Work request:
Transcribe the data exactly, pictures excluded.

++++ Data shown ++++

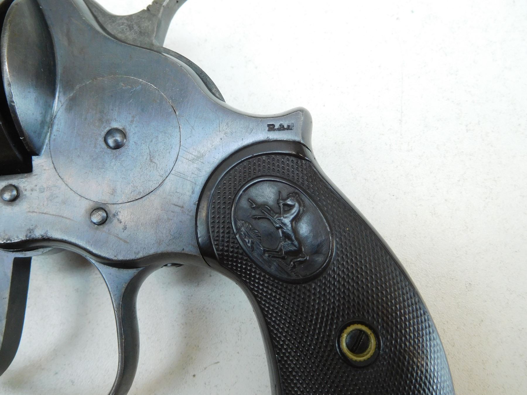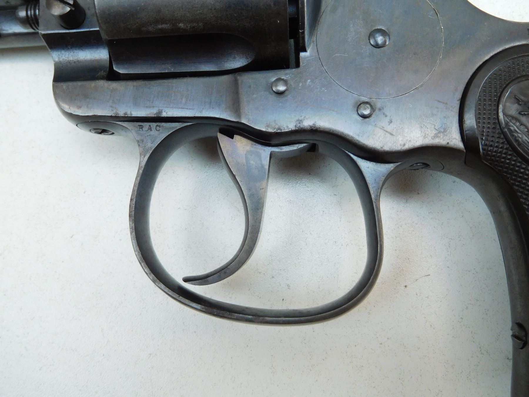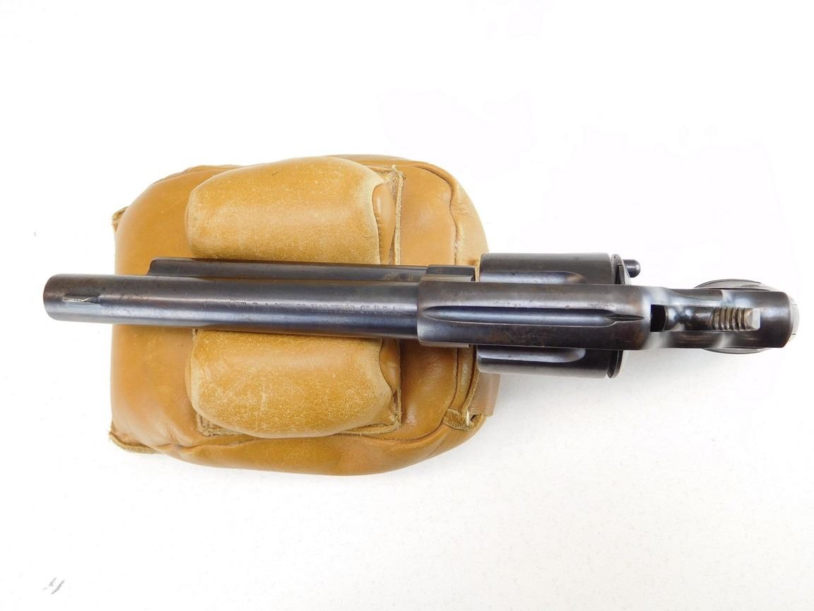 STAMPED US ON THE FRAME JUST ABOVE THE TRIGGER GUARD, HARD RUBBER BIRDS HEAD CHECKERED GRIP, LANYARD LOOP, NOTCH AND BLADE SIGHT, HARTFORD CONNETTICUT BARREL ADDRESS,SERIAL NUMBER DATES THIS 1900, THE RAC INSPECTOR MARK IS ON THE FRAME AND TRIGGER GUARD, (RAC) STANDS FOR RENALDO A CARR HE WAS A CIVILIAN WAR DEPARTMENT SUB INSPECTOR OF COLT REVOLVERS 1889-1909, DOUBLE ACTION, INDEXES AND LOCKS UP WELL, SOME HOLSTER WEAR ON THE MUZZLE OF THE BARREL, BORE IS EXCELLENT , BARREL LENGTH: 152MM , SERIAL: 44164 , ACTION: REVOLVER , CONDITION: 8/10 , STOCK # R2410 , CLASS: CANADIAN RESTRICTED CLASS
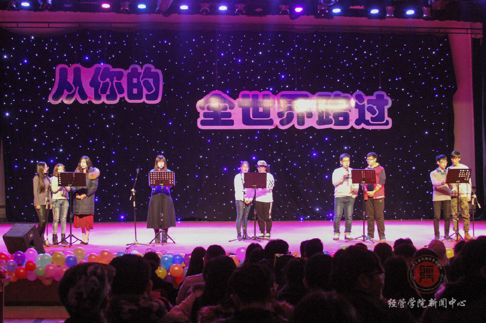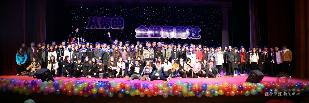 经管学院以“从你的全世界路过”为主题的2016迎新晚会于 11月30日晚6:30在礼堂举行。本次迎新晚会由经管院学生会举办。出席本次晚会的有党总支书记胡宝贵老师、主管学生工作副院长赵金芳老师、辅导员古丽老师、任娇老师、16级工商班主任周云老师、各二级学院学生会主席、16级各班班助和16级全体学生,还有来自其他学院的老师和同学们,此外还邀请到了晚会赞助商、北京联合大学、首都体育大学学生代表,现场座无虚席。
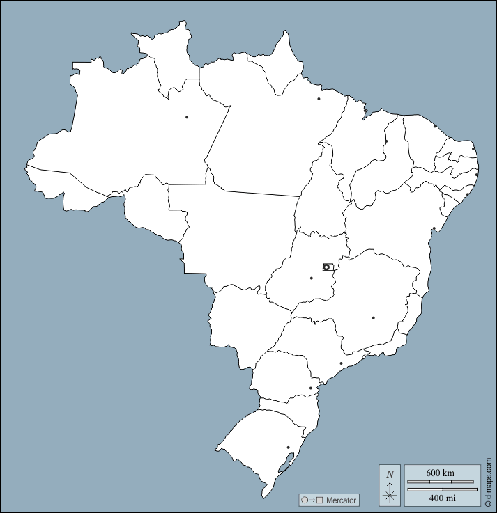 d-maps > महाअमेरिका > ब्राज़ील > ब्राज़ील > बाह्यरेखा, राज्यों, मुख्य शहरों
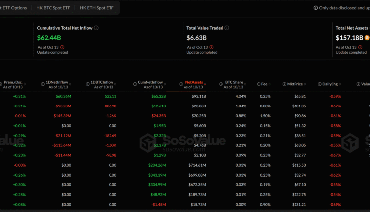 As of this writing, total cumulative inflows remain at $62.44 billion, with total net assets across all spot BTC ETFs reaching $157.18 billion, or 6.81% of Bitcoin’s market cap. Overall, the funds saw $2.71 billion in inflows last week.

++++

Answer section:
 STAMPED US ON THE FRAME JUST ABOVE THE TRIGGER GUARD, HARD RUBBER BIRDS HEAD CHECKERED GRIP, LANYARD LOOP, NOTCH AND BLADE SIGHT, HARTFORD CONNETTICUT BARREL ADDRESS,SERIAL NUMBER DATES THIS 1900, THE RAC INSPECTOR MARK IS ON THE FRAME AND TRIGGER GUARD, (RAC) STANDS FOR RENALDO A CARR HE WAS A CIVILIAN WAR DEPARTMENT SUB INSPECTOR OF COLT REVOLVERS 1889-1909, DOUBLE ACTION, INDEXES AND LOCKS UP WELL, SOME HOLSTER WEAR ON THE MUZZLE OF THE BARREL, BORE IS EXCELLENT , BARREL LENGTH: 152MM , SERIAL: 44164 , ACTION: REVOLVER , CONDITION: 8/10 , STOCK # R2410 , CLASS: CANADIAN RESTRICTED CLASS
 经管学院以“从你的全世界路过”为主题的2016迎新晚会于 11月30日晚6:30在礼堂举行。本次迎新晚会由经管院学生会举办。出席本次晚会的有党总支书记胡宝贵老师、主管学生工作副院长赵金芳老师、辅导员古丽老师、任娇老师、16级工商班主任周云老师、各二级学院学生会主席、16级各班班助和16级全体学生,还有来自其他学院的老师和同学们,此外还邀请到了晚会赞助商、北京联合大学、首都体育大学学生代表,现场座无虚席。
 d-maps > महाअमेरिका > ब्राज़ील > ब्राज़ील > बाह्यरेखा, राज्यों, मुख्य शहरों
 As of this writing, total cumulative inflows remain at $62.44 billion, with total net assets across all spot BTC ETFs reaching $157.18 billion, or 6.81% of Bitcoin’s market cap. Overall, the funds saw $2.71 billion in inflows last week.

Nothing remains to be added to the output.